Describe the solution you'd like A way to load .wasm binary files into Ghidra with disassembly/decompilation support.

Describe alternatives you've considered I have a pipeline for compiling wasm to x86-64 and then loading it in Ghidra or IDA, but the process is cumbersome and the output is decidedly suboptimal. Constructs like switches are often lost or poorly reconstructed. I have toyed with the idea of creating a module myself, but there are challenges with the Wasm bytecode format which make a straightforward SLEIGH disassembly difficult (see next section).

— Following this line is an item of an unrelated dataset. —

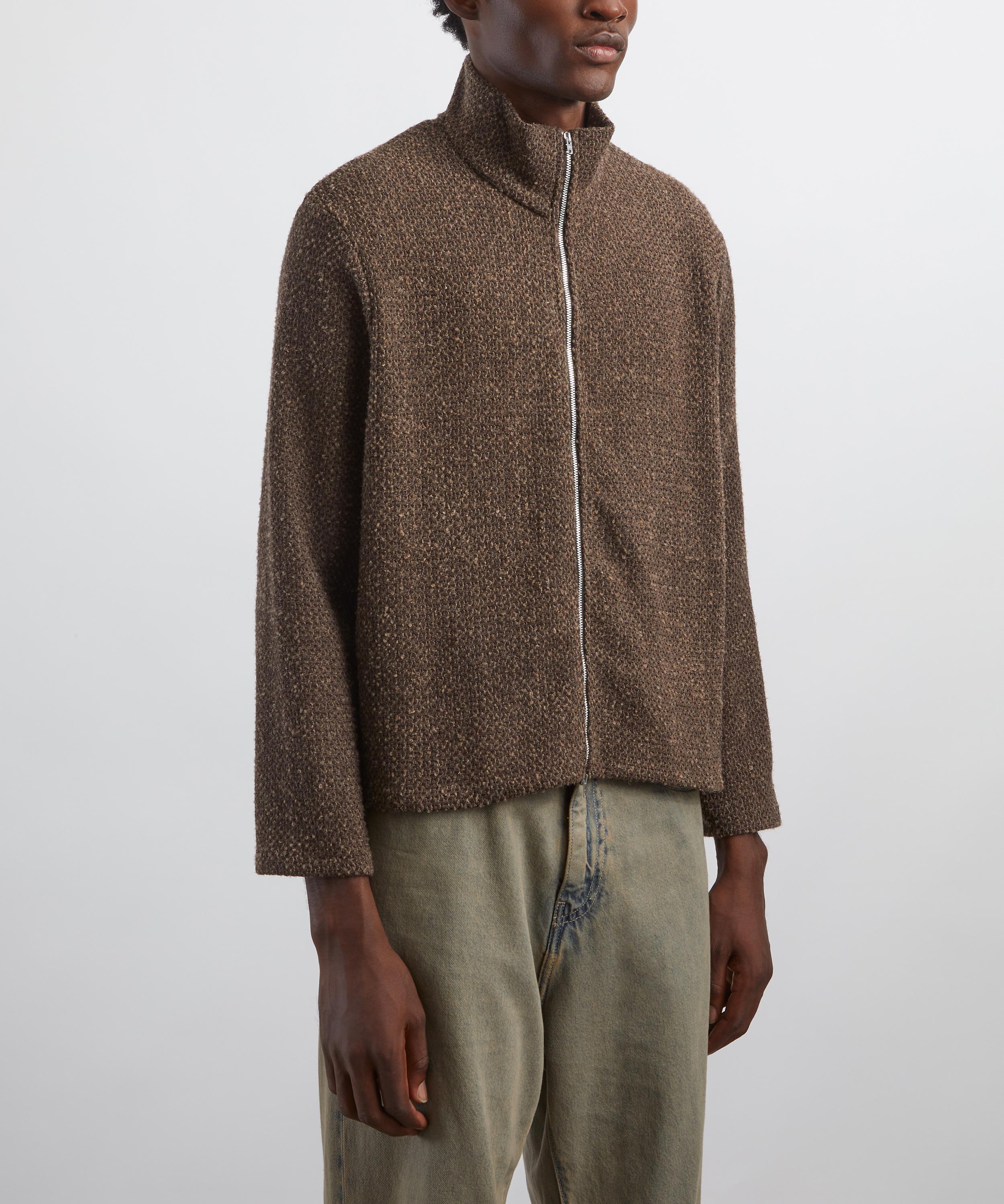Crafted from a textured Italian fabric blended with virgin wool, the Shrunken Polo features a short, boxy silhouette with a funnel neck collar and a two-way zip fastening - making it an ideal layering piece for year-round wear.

Additional context The main target of disassembly would be the instruction bytecode format. Here are the major challenges with the format as it relates to SLEIGH, as I see it:

• There's the concept of "blocks", which are strictly nested groupings of code. In the bytecode, the blocks are identified by pairs of start and end bytes, meaning that we'd need to parse the code ahead of time to identify block boundaries.
• Branches are not expressed as a straightforward jump to a fixed address or offset, but are instead target one of the containing blocks (it is impossible to target a block that is not a direct/indirect container of the branch instruction). The actual jump target depends on the targeted block's type - it either targets the beginning or end of the block. To add further complexity, branch instructions implicitly pop elements off the operand stack to match the level of the target block.
• All numbers in the bytecode are LEB128-encoded. This is not a problem for a small number of operands, but some instructions (such as the br_table instruction) contain a variable number of numeric arguments. (Probably just have to get creative with context variables)
• Most wasm-targeting compilers require the use of a separate global variable to track the depth of the C stack (separately from the Wasm stack, which contains operands, branch labels and implicitly return addresses). This means effectively two stack pointers, which I don't know if Ghidra can handle.

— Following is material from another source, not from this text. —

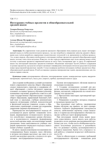 На современном этапе развития школьного образования очень важную роль играет интегрированный подход в учебно-воспитательном процессе, так как потребность повышение качества среднего образования дала толчок разработке современных педагогических технологий и их применению в учебном процессе. Это, в свою очередь, обусловило необходимость интеграции учебных предметов в средней общеобразовательной школе, поэтому тема статьи актуальна. Известно, что все отрасли современных наук тесно связаны между собой, поэтому и школьные предметы современной школы не могут быть изолированы друг от друга. В современной школе под интеграцией школьных предметов понимают объединение некоторых частей учебного содержания из разных предметов, в результате которого возникает нововведение (интеграция считается средством получения новых представлений предметных знаний). Статья посвящена проблеме интеграции учебных предметов в общеобразовательной средней школе. В ней составлены и решены межпредметные задачи, предназначенные для учащихся старших классов.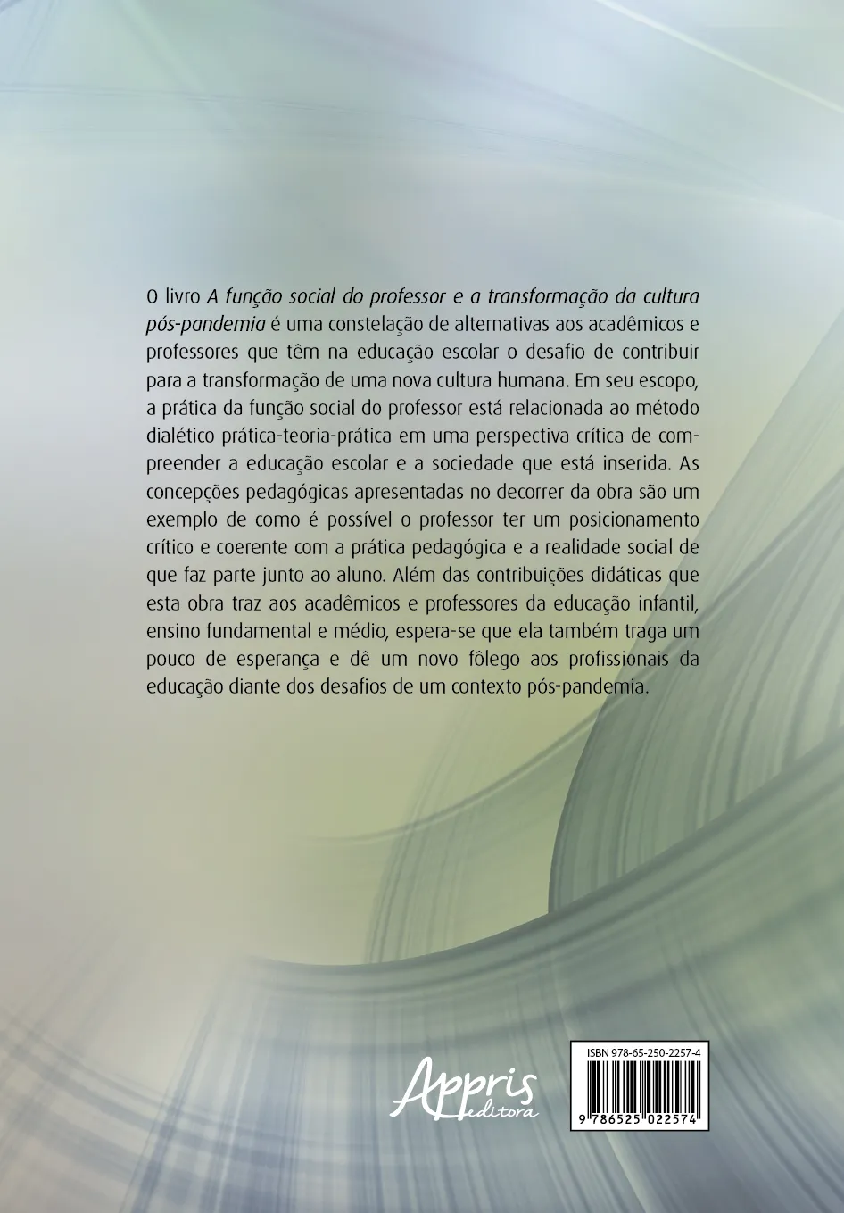 O livro A função social do professor e a transformação da cultura pós-pandemia é uma constelação de alternativas aos acadêmicos e professores que têm na educação escolar o desafio de contribuir para a transformação de uma nova cultura humana. Em seu escopo, a prática da função social do professor está relacionada ao método dialético prática-teoria-prática em uma perspectiva crítica de compreender a educação escolar e a sociedade que está inserida. As concepções pedagógicas apresentadas no decorrer da obra são um exemplo de como é possível o professor ter um posicionamento crítico e coerente com a prática pedagógica e a realidade social de que faz parte junto ao aluno. Além das contribuições didáticas que esta obra traz aos acadêmicos e professores da educação infantil, ensino fundamental e médio, espera-se que esta também traga um pouco de esperança e dê um novo folego aos profissionais da educação diante dos desafios de um contexto pós-pandemia.

I am not familiar enough with P-code or SLEIGH to know how to resolve these issues in a clean way. One (ugly) approach would be to transpile WASM bytecode to some intermediate format which would be easier to work with. But, the downside here is that it would break the association between the addresses in the file and the Ghidra disassembly, which would make debugging much more challenging. Ideas welcome - I am happy to pursue potentially implementing this myself if there's a clear way to deal with the challenges.

[emteere]

WASM has been on the queue to do for a while. We've seen the loader you mention and thought there might be a PR at some point with the rest of the implementation.

The decompiler is a simplification engine, so sometimes just providing equations that it can solve is enough. The constant propagation can also figure out some things given constant state. For example setting the value of a register at the start of a function that has an initial value that is kept consistent across the function which when fed into the equations produces a constant reference. However, the value of set registers is only used at the start of a function.

While I can't promise anything, we'll need to take a closer look and see if we can get a reasonable processor spec together, or provide a skeleton to solve some of the issues.

[garrettgu10]

I'm interested in working on this. I think most of the problems raised can be solved pretty cleanly by bailing out to Java, in a similar manner to how the JVM module handles "Injects."

[garrettgu10]

Still a few tricky instructions missing, but initial results are promising:

https://github.com/garrettgu10/ghidra-wasm-plugin

[garrettgu10]

There's still some bugfixing and testing to do, but the basic feature set is now complete. I'm also interested in making a PR after bugfixing and refactoring.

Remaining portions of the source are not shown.